Interviewed by Matthew Summers
Alan Baxter is a British-Australian author who writes dark fantasy, horror and sci-fi, rides a motorcycle and loves his dog. He also teaches Kung Fu. He lives among dairy paddocks on the beautiful south coast of NSW, Australia, with his wife, son, dog and cat. He’s the award-winning author of several novels and over sixty short stories and novellas. So far. Read extracts from his novels, a novella and short stories at his website – www.warriorscribe.com – or find him on Twitter @AlanBaxter and Facebook, and feel free to tell him what you think. About anything.
Alan Baxter, welcome to Snapshop 2016! Tell me what you’re working on right now. Anything exciting?
Always exciting, for me at least! I’m currently in rewrites on a new standalone horror novel that’s based on my Shadows Award-winning story “Shadows of the Lonely Dead”. The protagonist from that story is one of the main characters in the new novel. London noir, crime, mystery, horror and magic. Won’t be ready for a while yet, though.
You recently celebrated the paperback release of your Alex Caine trilogy. How does it feel to finally see the books together in print form?
It feels fantastic! The new covers are just brilliant and seeing the whole set finally together on book store shelves is really one of those “living the dream” moments. Now I just hope they sell huge amounts!

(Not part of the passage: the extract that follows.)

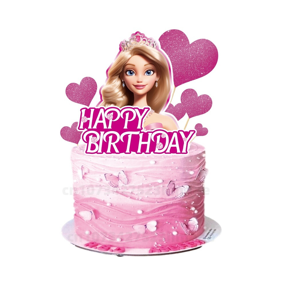 Glitter Hot Pink Girl Cake Topper For Barbie Set Glitter Doll Head Cupcake Toppers for Girls Women's Birthday Party Decorations

What ideas have you currently got simmering away in your mind for exploration in the future?
So many things. Other than the rewrites above I’m working on a kind of American noir ghost story that may be a novella or a novel. Not sure which yet. Also more stuff in the Alex Caine universe, and lots of short fiction ideas swilling in my brain stew.
What Australian work have you loved recently?

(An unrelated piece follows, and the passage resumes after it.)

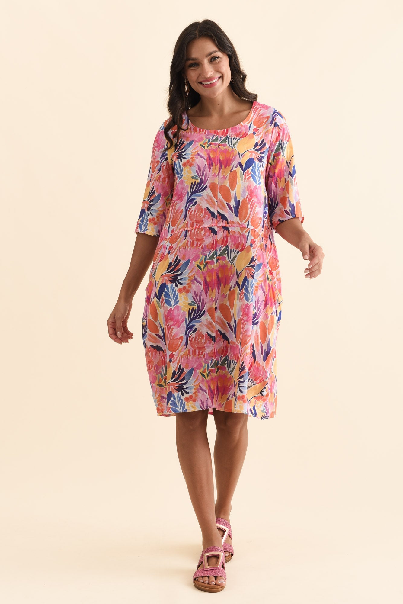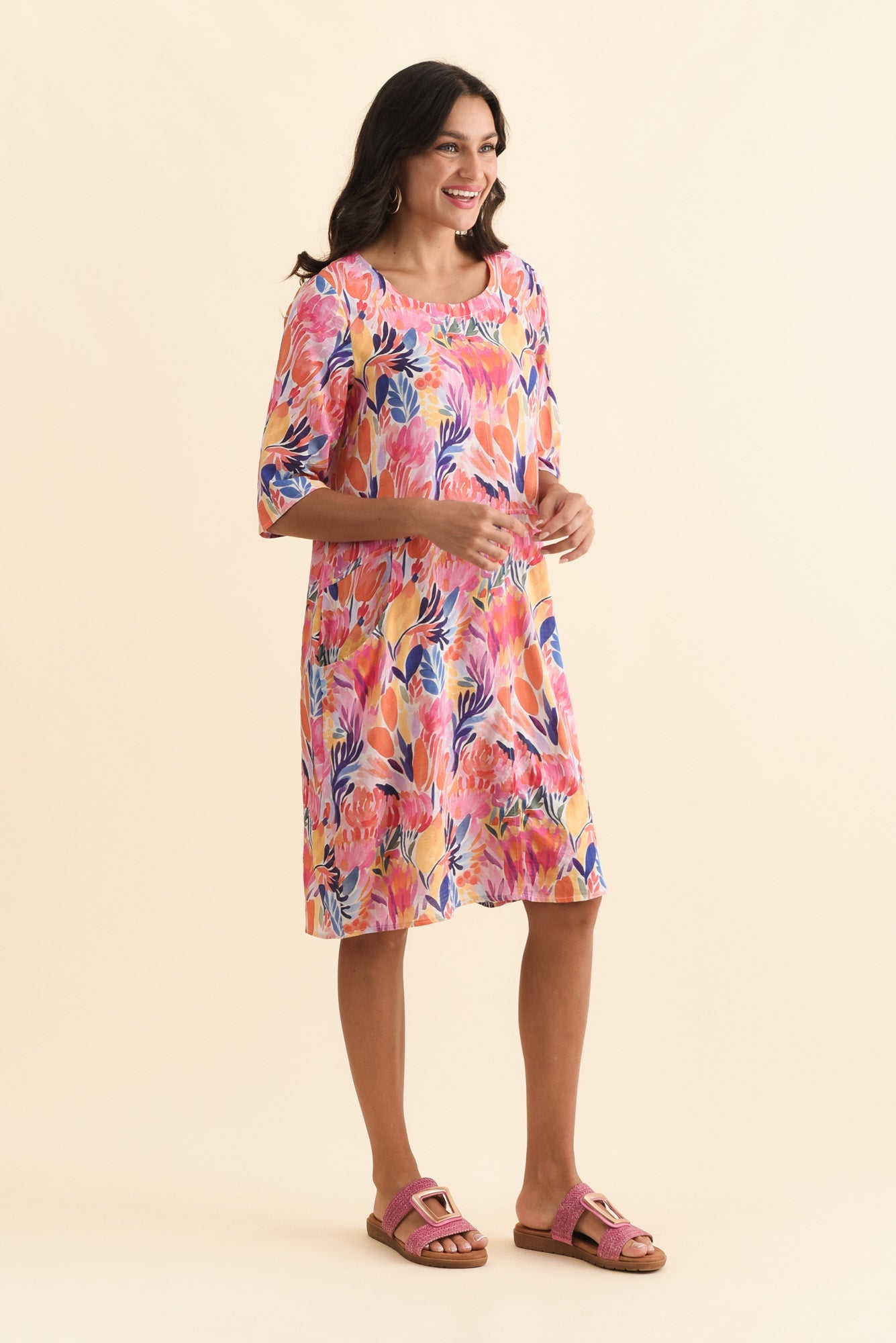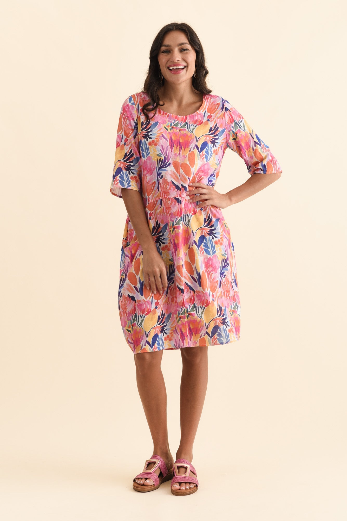 Lilibet Orange Flower Cotton Pocket Dress

We’re so spoiled for choice here, it’s hard to name just one. So I’ll name two! Trent Jamieson’s novel Day Boy is stunning. And I got to beta read Angela Slatter’s new novel Vigil, and that will be out by the time this goes live, so people should check that too. It’s brilliant and unique and very Australian. (And I’m really looking forward to Gary Kemble’s second novel, Bad Blood.)
Which author (living or dead) would you most like to sit next to on a long plane trip? Why?
Clive Barker. Because I’m an utter fan boy and no one has been a bigger influence on my own work than he has. I’ve never met him, but would love to.